UPDATE: February 11, 2010

Recent research by the EFF has shown that your browser alone, during it’s negotiation with the web sites you visit, voluntarily give up enough unique information to possibily uniquely identify you.   Your browser hands over traditionally unique information such as:

  • "the exact fonts installed on your machine"

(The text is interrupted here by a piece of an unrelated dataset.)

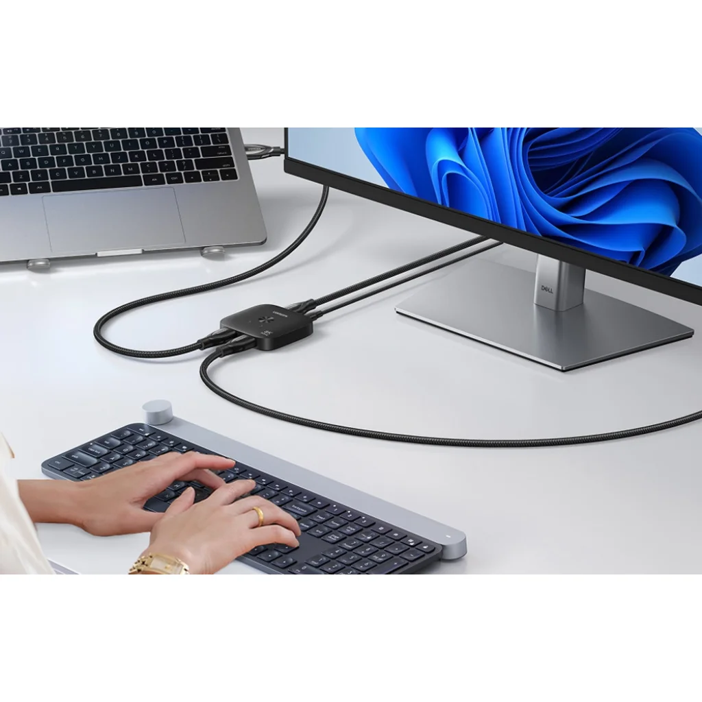 A készülék 2x1-es üzemmódban működik, ami azt jelenti, hogy két jelforrást csatlakoztathatsz egy kijelzőhöz. A váltás manuálisan történik egyetlen gombbal. Az eszköz USB-C portot használ tápellátásra, közvetlenül csatlakoztatható a legtöbb töltőhöz, tévékészülékek USB-portjaihoz vagy számítógéphez. LED-ek jelzik, hogy melyik eszköz aktív.

    EXAMPLE:  SWMacro, Marlett, Arial, Arabic Transparent, Arial Baltic, Arial CE, Arial CYR, Arial Greek, Arial TUR, Batang, BatangChe, Gungsuh, GungsuhChe, Courier New, Courier New Baltic, Courier New CE, Courier New CYR, Courier New Greek, Courier New TUR, DaunPenh, … [+150 more installed font]
  • "the user agent string of your browser, it’s version, operating system, etc."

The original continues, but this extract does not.